Re: [-empyre-] Free Cooperation
> And if our "haggling" does not work out, we withdraw our effort or eventually
> withdraw from the collaboration. Collaborations need to have incentives, not
> just risks.
Just thinking about this ..
Yet I am wondering at what point it becomes necessary to sacrifice?
For example, one is part of an organising committee for an anti-XYZ protest.
Haggling with various groups--some pro-violence, others strictly
non-violent, some union, others anarchist--has resulted in long & drawn out
sessions where the very meeting has often disintegrated around trying to
establish a process for the very running of the cooperation.
At a certain point it is often tempting to say 'fine! I have haggled, the
rules will not bend, nothing is changing, thus I leave' -- was it not
Bakunin who did this -- but then the protest's goal is lost: that of
effectuating change against _another_ entity, one where there is no
cooperation, in fact no relation save that of power and so forth, the
relationship to the "military-industrial complex," the "State" and etc.
There is definitely a joint intention or goal, but it seems to me the aspect
of sacrifice is inevitable and even structural. "Free" cooperation would
seem to imply a level of sacrifice which is mutually distributed, or evenly
thinned among the members of the co-op to the point of its invisibility, a
distribution that would require a kind of pre-agreement sans discussion
about the very rules that must nevertheless remain in constant negotiation.

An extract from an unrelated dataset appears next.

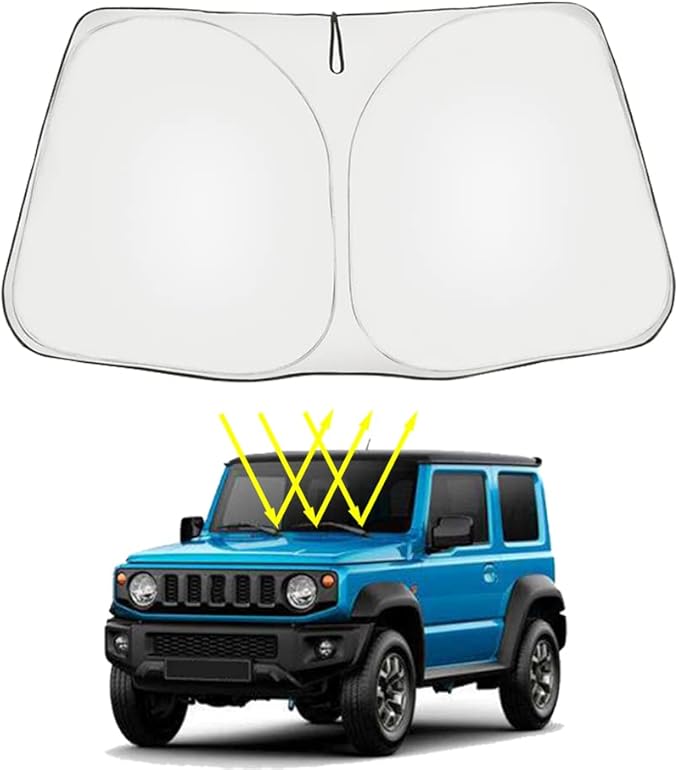 Kakash スズキ専用ロントサンシェード フロントガラス サンシェード シェードカーテン マルチサンシェード UVカット紫外線対策車用遮光カーテン 日焼け防止 内装パーツ 取付簡単 収納袋付車種専用設計適合スズキ 新型ジムニー(jimny) JB64w、JB74w(2018 2019 2020)

For cooperation to work, it seems to me that one's relation is only 'free'
insofar as one makes the choice to 'cooperate' in a fashion that may be less
than free. At a certain point one realises one _should_ leave, but if you
want something to happen, you just 'grin & bear it'.
But perhaps this is a way around this. If so I'd dig to see it
elaborated... Or hear experiences as to how it has been avoided.